Rechtsextremisten und Reichsbürger nutzen Corona-Demos
Innenminister Christian Pegel (SPD) hat den Verfassungsschutzbericht für das Jahr 2020 vorgestellt. Der Bericht beleuchtet neben der rechts- und linksextremistischen Szene sowie dem Islamismus im Nordosten erstmals den Einfluss der Corona-Pandemie auf die Aktivitäten antidemokratischer Gruppierungen, die im Visier des Verfassungsschutzes stehen.
Dabei gehe es laut Pegel nicht um die Menschen aus der bürgerlichen Klientel, die friedlich ihr Recht auf freie Meinungsäußerung gebrauchen und "die ihren Sorgen und Nöten auch mit Kritik an der Regierung friedlich Ausdruck verleiht." Es gehe darum, Gewaltaufrufen und Angriffen gegen die Demokratie entgegenzuwirken.
"Ton aggressiver und menschenverachtender"
Die Verfassungsschützer konstatieren für 2020 einen weiteren Anstieg der Anhänger rechtsextremistischer Ideologien. "Auch die Rechtsextremisten versuchen, sich die Proteste gegen die Corona-Maßnahmen zunutze zu machen", so Pegel. "Sie nahmen - und nehmen - an den Demonstrationen teil - und nutzen dann soziale Netzwerke und Messengerdienste, um darüber zu berichten und den Untergang des ihnen verhassten Systems zu beschwören.

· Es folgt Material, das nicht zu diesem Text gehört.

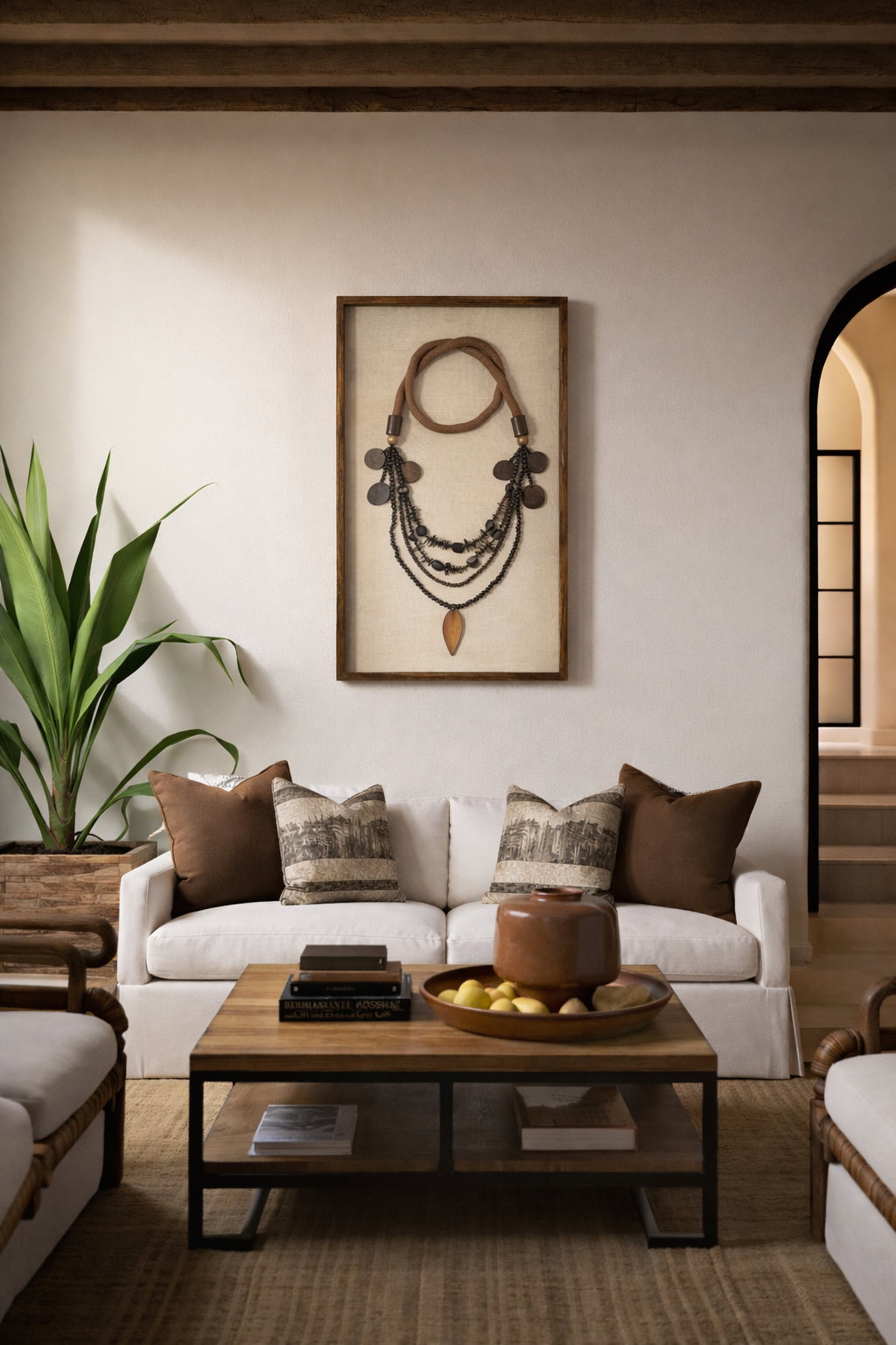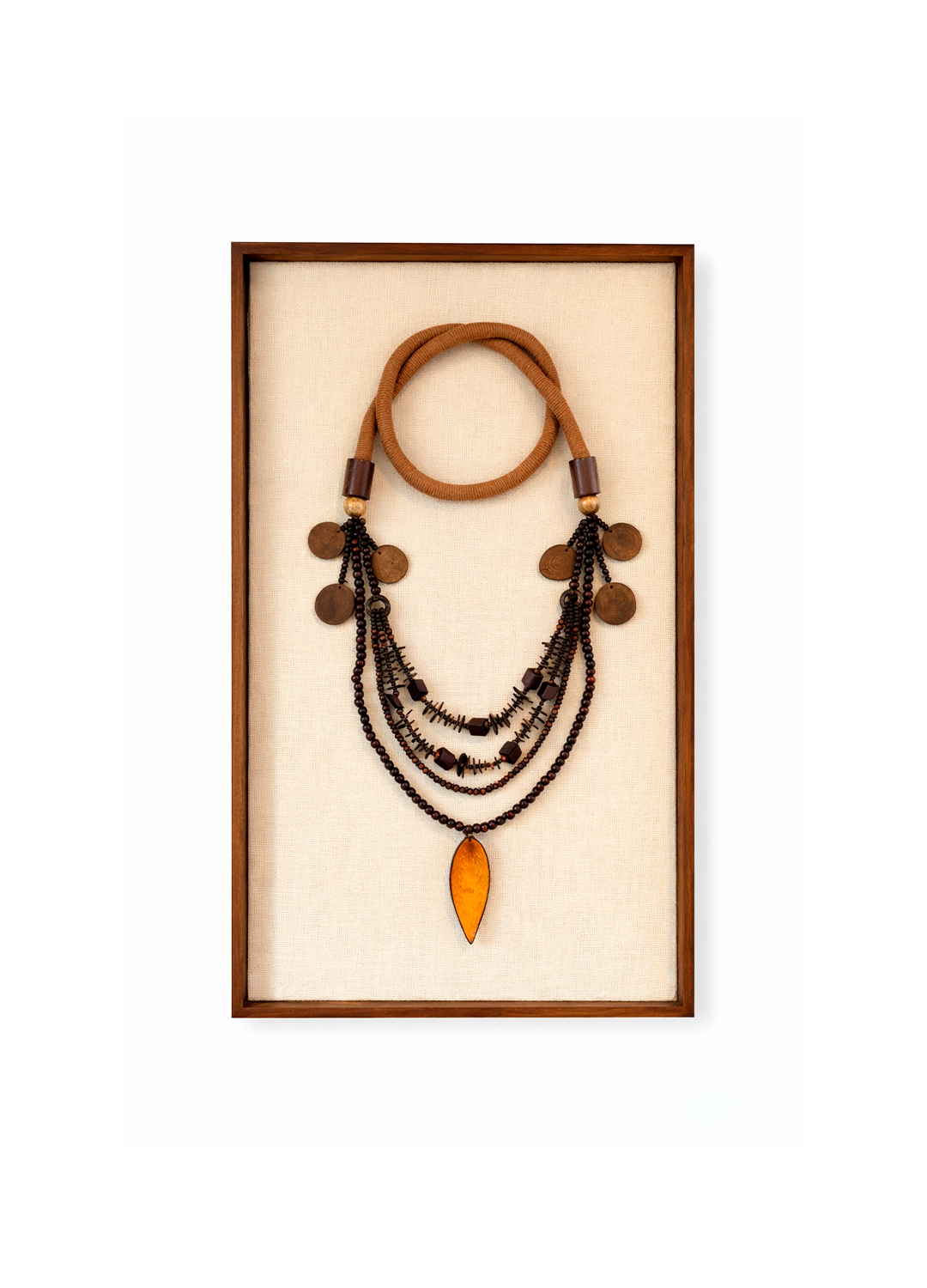 Esta obra de arte simboliza a essência dos ornamentos tribais, com sua memória ancestral. As camadas de contas e elementos naturais conferem a esta peça personalidade, conectando tradições passadas com a harmonia presente.
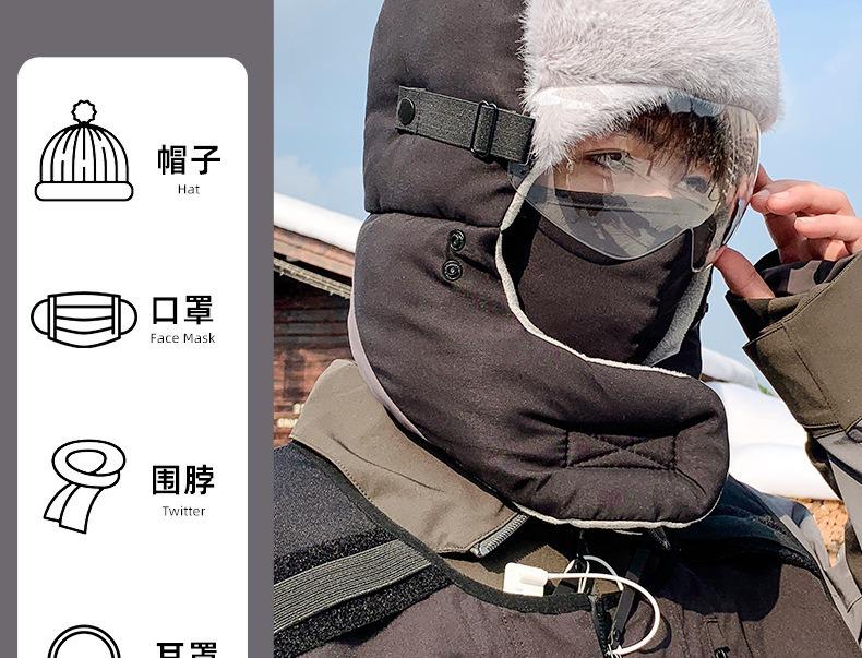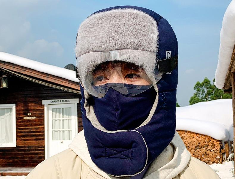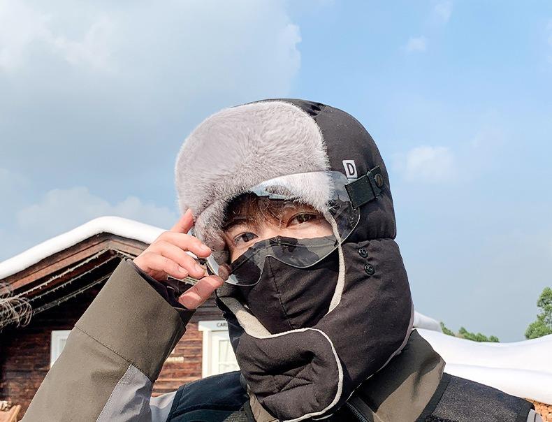 Invierno nuevo ciclismo cálido protección contra el frío orejeras gorro Lei Feng para hombre invierno para montar al aire libre gorro cortavientos [con lente]]

Sie verbreiten dort demokratiefeindliche Inhalte und mobilisieren für die eigenen Bestrebungen." Der Ton werde dabei zunehmend aggressiver und menschenverachtender.
Von den insgesamt knapp 1.800 Rechtsextremisten bei uns im Land stufen unsere Verfassungsschützer etwa 700 als gewaltorientiert ein", sagte der Innenminister.
Wutbürger treffen auf Reichsbürger
Nach Ansicht des Rostocker Politikwissenschaftlers, Professor Muno, sind die Demonstrationen zwar häufig von Rechten organisiert, die Teilnehmer aber überwiegend aus der bürgerlichen Mitte, das Bildungsniveau der Demonstranten meist hoch. Was die beiden Gruppierungen eine, sei eine Ablehnung des Staates. Aber man müsse die Anzahl der Menschen auch einordnen: "Zu Hansa gehen mehr Leute als zu den Demos im ganzen Land.
Messenger als Plattform für sehr viele unterschiedliche Menschen für unterschiedliche Zwecke
Professor Dr. Jakob Jünger von der Uni Münster ist dagegen, den Messenger-Dienst Telegram, über den sich auch radikale Gruppen verabreden und anstacheln, zu verbieten. Vielmehr sei die Kommunikation in den Chatgruppen ein Abbild der Gesellschaft. Hassnachrichten seien extreme Einzelfälle. Die Gesellschaft müsse auf problematische Haltungen und Äußerungen reagieren.
Zahl der Linksextremistischen Straftaten und Personenzahl geht zurück
Im Gegensatz zum Rechtsextremismus gingen Straftaten und Personenzahl im Linksextremismus 2020 zurück - letztere von 500 auf 480, von denen die Hälfte als gewaltbereit eingestuft wird. "Dafür dürften insbesondere die durch die Pandemie eingeschränkten Aktionsmöglichkeiten und der Ausfall von Großveranstaltungen ein wichtiger Grund sein", sagte Pegel.
Islamismus nach Rechtsterrorismus
Größte Gefahr für die innere Sicherheit der Bundesrepublik ist nach dem Rechtsterrorismus der Islamismus. "Bei uns in Mecklenburg-Vorpommern gibt es nach Erkenntnissen des Verfassungsschutzes nur wenige bedeutsame organisierte islamistische Strukturen und so wie im Vorjahr etwa 190 Islamisten, die vom Verfassungsschutz beobachtet werden", sagte Pegel.